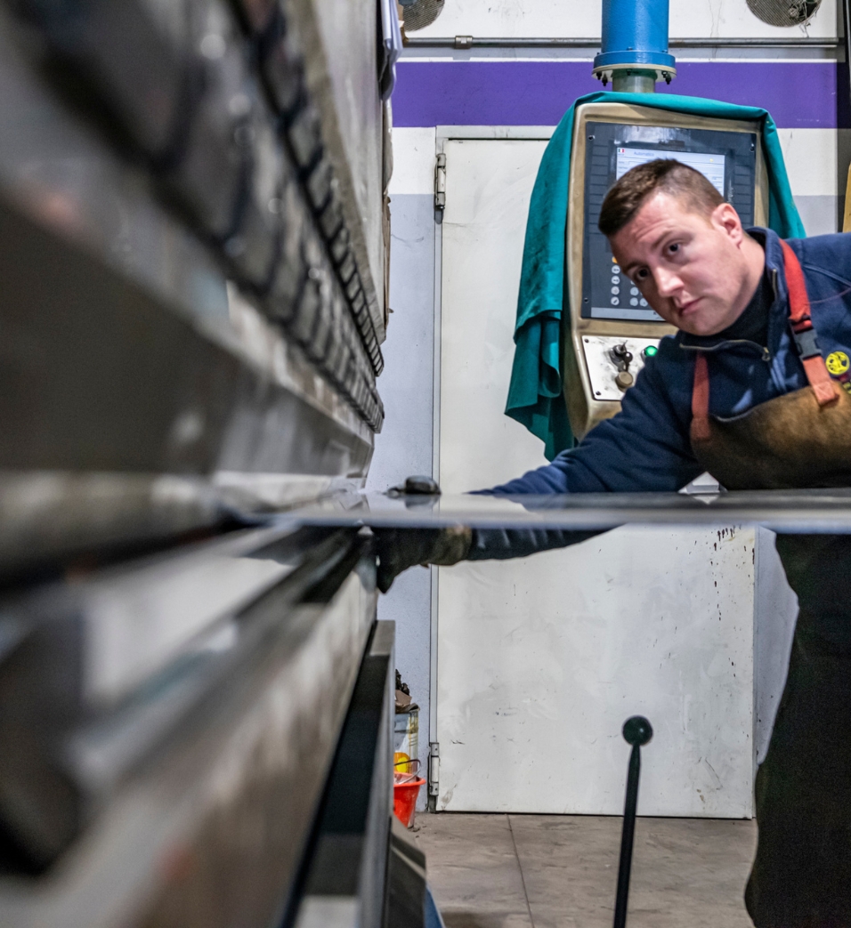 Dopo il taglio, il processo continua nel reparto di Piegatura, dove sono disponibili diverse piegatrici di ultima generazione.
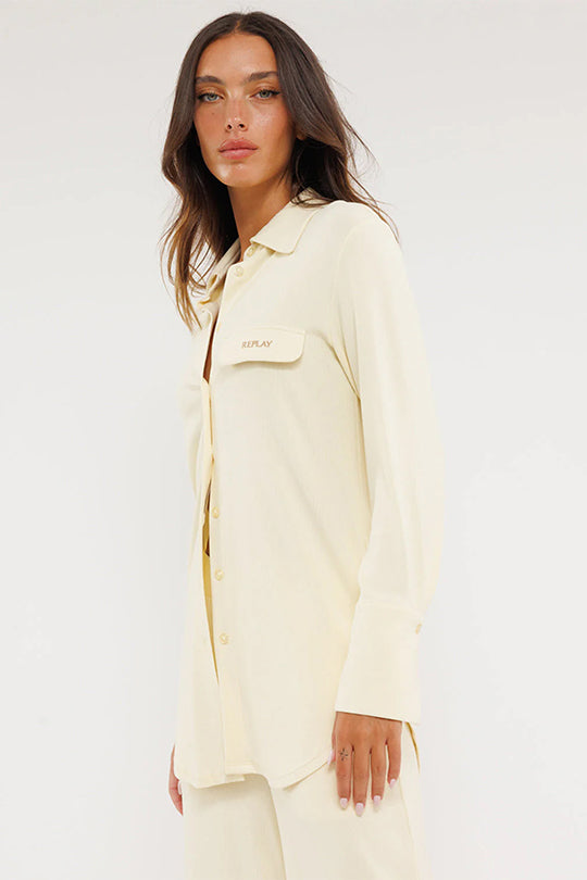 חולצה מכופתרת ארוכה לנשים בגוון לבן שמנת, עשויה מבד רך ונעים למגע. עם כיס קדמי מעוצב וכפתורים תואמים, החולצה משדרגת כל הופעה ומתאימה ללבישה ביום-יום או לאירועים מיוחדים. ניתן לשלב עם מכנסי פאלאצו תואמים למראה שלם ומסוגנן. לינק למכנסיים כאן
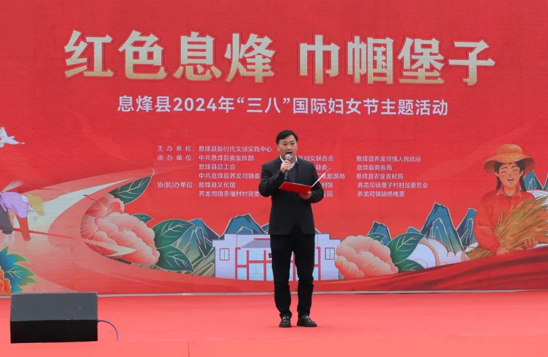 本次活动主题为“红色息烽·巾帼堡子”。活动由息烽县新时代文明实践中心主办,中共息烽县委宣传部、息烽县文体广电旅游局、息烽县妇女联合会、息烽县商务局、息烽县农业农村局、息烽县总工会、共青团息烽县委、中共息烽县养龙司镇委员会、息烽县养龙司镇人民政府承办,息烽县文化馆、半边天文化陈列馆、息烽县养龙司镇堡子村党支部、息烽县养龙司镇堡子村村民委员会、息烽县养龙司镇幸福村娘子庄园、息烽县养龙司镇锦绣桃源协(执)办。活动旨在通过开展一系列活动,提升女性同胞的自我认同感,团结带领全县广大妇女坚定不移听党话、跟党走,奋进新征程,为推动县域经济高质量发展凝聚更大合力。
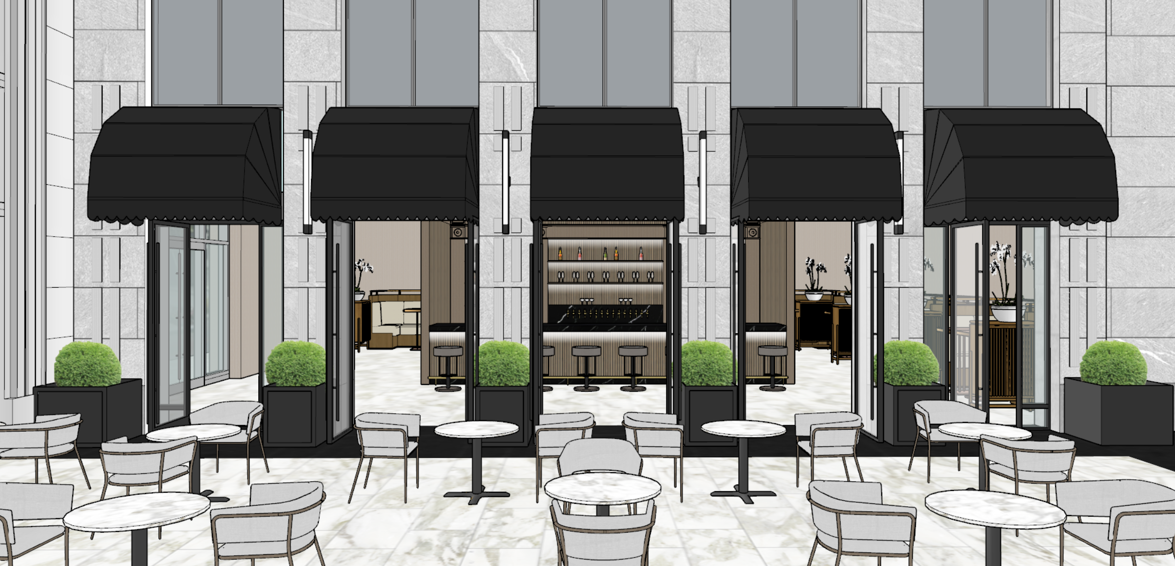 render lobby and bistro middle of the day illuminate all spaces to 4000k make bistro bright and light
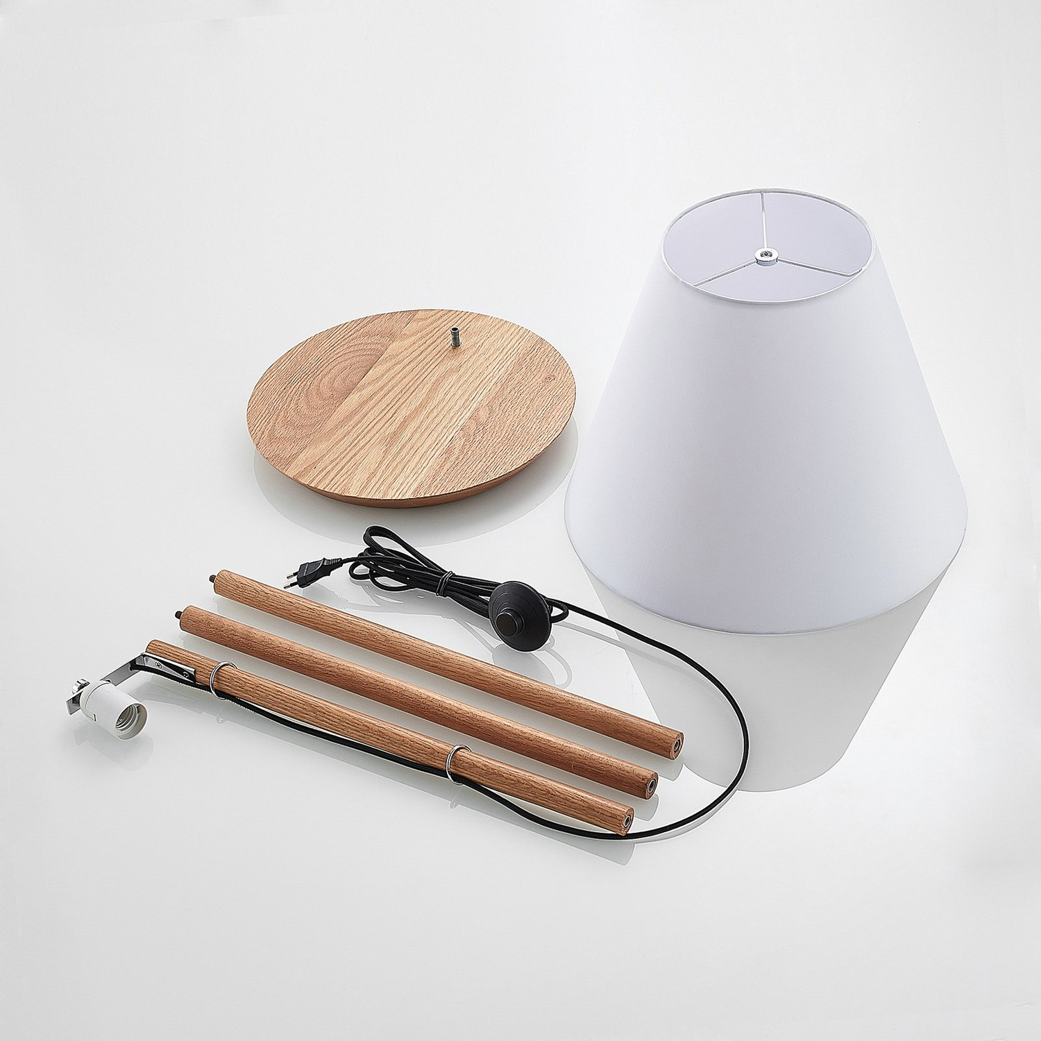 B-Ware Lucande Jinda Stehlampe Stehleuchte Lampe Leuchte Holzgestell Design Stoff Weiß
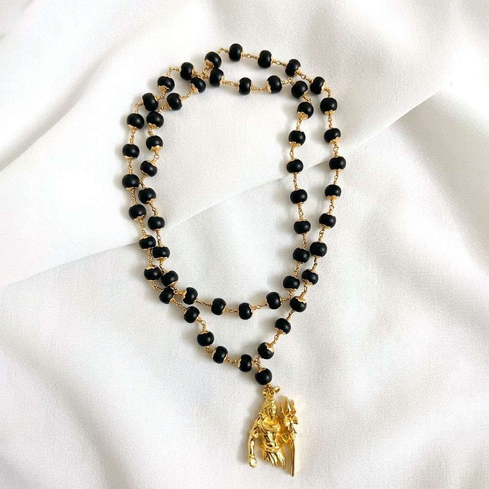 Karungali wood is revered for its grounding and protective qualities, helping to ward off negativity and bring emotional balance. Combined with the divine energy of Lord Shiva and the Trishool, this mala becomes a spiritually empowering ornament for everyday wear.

====

Hand back the data exactly as it appears, with all pictures cut.

 Dopo il taglio, il processo continua nel reparto di Piegatura, dove sono disponibili diverse piegatrici di ultima generazione.
 חולצה מכופתרת ארוכה לנשים בגוון לבן שמנת, עשויה מבד רך ונעים למגע. עם כיס קדמי מעוצב וכפתורים תואמים, החולצה משדרגת כל הופעה ומתאימה ללבישה ביום-יום או לאירועים מיוחדים. ניתן לשלב עם מכנסי פאלאצו תואמים למראה שלם ומסוגנן. לינק למכנסיים כאן
 本次活动主题为“红色息烽·巾帼堡子”。活动由息烽县新时代文明实践中心主办,中共息烽县委宣传部、息烽县文体广电旅游局、息烽县妇女联合会、息烽县商务局、息烽县农业农村局、息烽县总工会、共青团息烽县委、中共息烽县养龙司镇委员会、息烽县养龙司镇人民政府承办,息烽县文化馆、半边天文化陈列馆、息烽县养龙司镇堡子村党支部、息烽县养龙司镇堡子村村民委员会、息烽县养龙司镇幸福村娘子庄园、息烽县养龙司镇锦绣桃源协(执)办。活动旨在通过开展一系列活动,提升女性同胞的自我认同感,团结带领全县广大妇女坚定不移听党话、跟党走,奋进新征程,为推动县域经济高质量发展凝聚更大合力。
 render lobby and bistro middle of the day illuminate all spaces to 4000k make bistro bright and light
 B-Ware Lucande Jinda Stehlampe Stehleuchte Lampe Leuchte Holzgestell Design Stoff Weiß
 Karungali wood is revered for its grounding and protective qualities, helping to ward off negativity and bring emotional balance. Combined with the divine energy of Lord Shiva and the Trishool, this mala becomes a spiritually empowering ornament for everyday wear.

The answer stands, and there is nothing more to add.